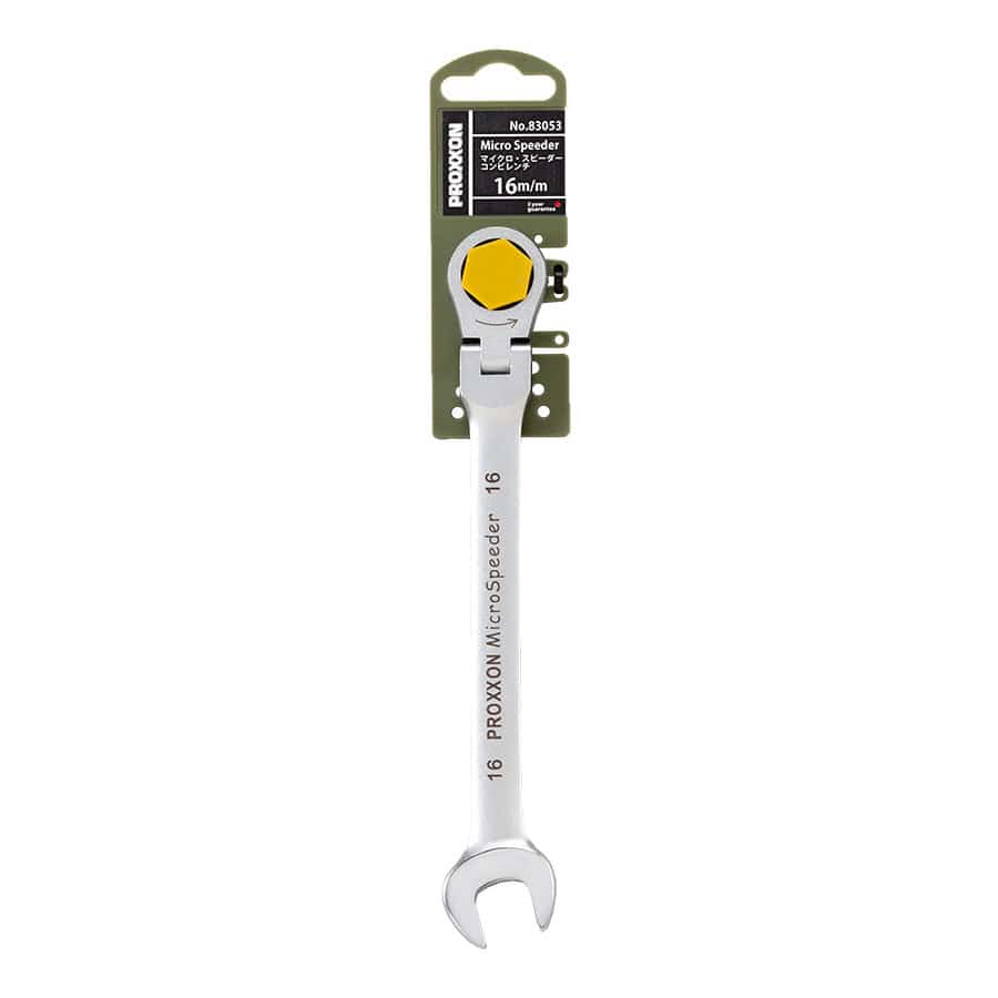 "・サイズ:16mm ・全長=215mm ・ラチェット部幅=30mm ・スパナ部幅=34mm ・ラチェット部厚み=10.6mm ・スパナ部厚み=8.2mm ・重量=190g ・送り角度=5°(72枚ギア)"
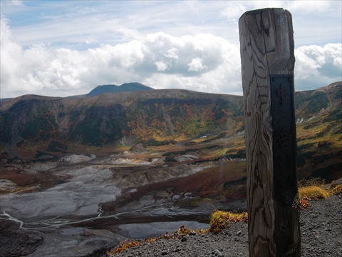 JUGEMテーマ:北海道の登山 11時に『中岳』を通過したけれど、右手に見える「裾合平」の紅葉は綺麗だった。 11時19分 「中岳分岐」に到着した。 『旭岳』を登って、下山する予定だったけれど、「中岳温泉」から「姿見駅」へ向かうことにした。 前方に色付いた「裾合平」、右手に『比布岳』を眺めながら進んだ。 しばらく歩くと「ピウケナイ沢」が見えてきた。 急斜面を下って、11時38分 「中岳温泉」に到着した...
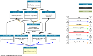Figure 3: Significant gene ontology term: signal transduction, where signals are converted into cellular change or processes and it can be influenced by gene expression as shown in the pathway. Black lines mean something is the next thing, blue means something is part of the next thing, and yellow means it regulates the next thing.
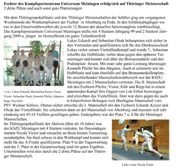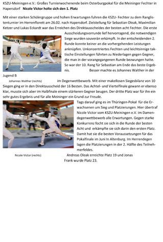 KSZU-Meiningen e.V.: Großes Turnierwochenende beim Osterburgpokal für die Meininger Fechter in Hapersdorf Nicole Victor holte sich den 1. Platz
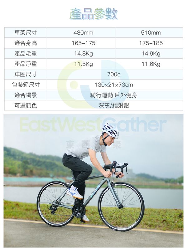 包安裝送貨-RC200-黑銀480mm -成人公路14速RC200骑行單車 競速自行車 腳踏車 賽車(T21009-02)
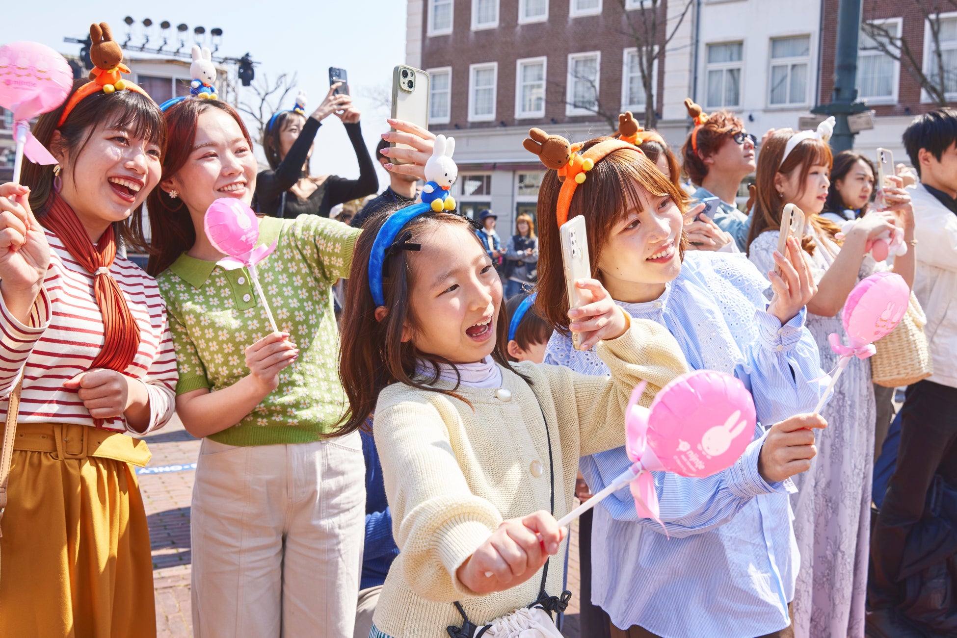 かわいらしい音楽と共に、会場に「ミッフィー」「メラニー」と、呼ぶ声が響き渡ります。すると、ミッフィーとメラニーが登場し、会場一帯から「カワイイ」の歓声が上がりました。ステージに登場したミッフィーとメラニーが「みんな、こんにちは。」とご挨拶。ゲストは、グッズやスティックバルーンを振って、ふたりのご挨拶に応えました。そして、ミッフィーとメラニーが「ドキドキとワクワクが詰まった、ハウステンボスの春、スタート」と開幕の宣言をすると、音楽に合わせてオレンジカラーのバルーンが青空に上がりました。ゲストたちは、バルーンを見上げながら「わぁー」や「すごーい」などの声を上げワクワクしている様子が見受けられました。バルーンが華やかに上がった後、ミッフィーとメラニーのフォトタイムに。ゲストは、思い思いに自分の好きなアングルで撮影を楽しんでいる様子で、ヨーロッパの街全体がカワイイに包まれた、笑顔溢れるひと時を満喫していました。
·····
In the records above, find the line containing "包安裝送貨-RC200-黑銀480mm -成人公路14速RC200骑行單車 競速自行車", then write out exactly that line and every later one through the last, omitting pictures.

 包安裝送貨-RC200-黑銀480mm -成人公路14速RC200骑行單車 競速自行車 腳踏車 賽車(T21009-02)
 かわいらしい音楽と共に、会場に「ミッフィー」「メラニー」と、呼ぶ声が響き渡ります。すると、ミッフィーとメラニーが登場し、会場一帯から「カワイイ」の歓声が上がりました。ステージに登場したミッフィーとメラニーが「みんな、こんにちは。」とご挨拶。ゲストは、グッズやスティックバルーンを振って、ふたりのご挨拶に応えました。そして、ミッフィーとメラニーが「ドキドキとワクワクが詰まった、ハウステンボスの春、スタート」と開幕の宣言をすると、音楽に合わせてオレンジカラーのバルーンが青空に上がりました。ゲストたちは、バルーンを見上げながら「わぁー」や「すごーい」などの声を上げワクワクしている様子が見受けられました。バルーンが華やかに上がった後、ミッフィーとメラニーのフォトタイムに。ゲストは、思い思いに自分の好きなアングルで撮影を楽しんでいる様子で、ヨーロッパの街全体がカワイイに包まれた、笑顔溢れるひと時を満喫していました。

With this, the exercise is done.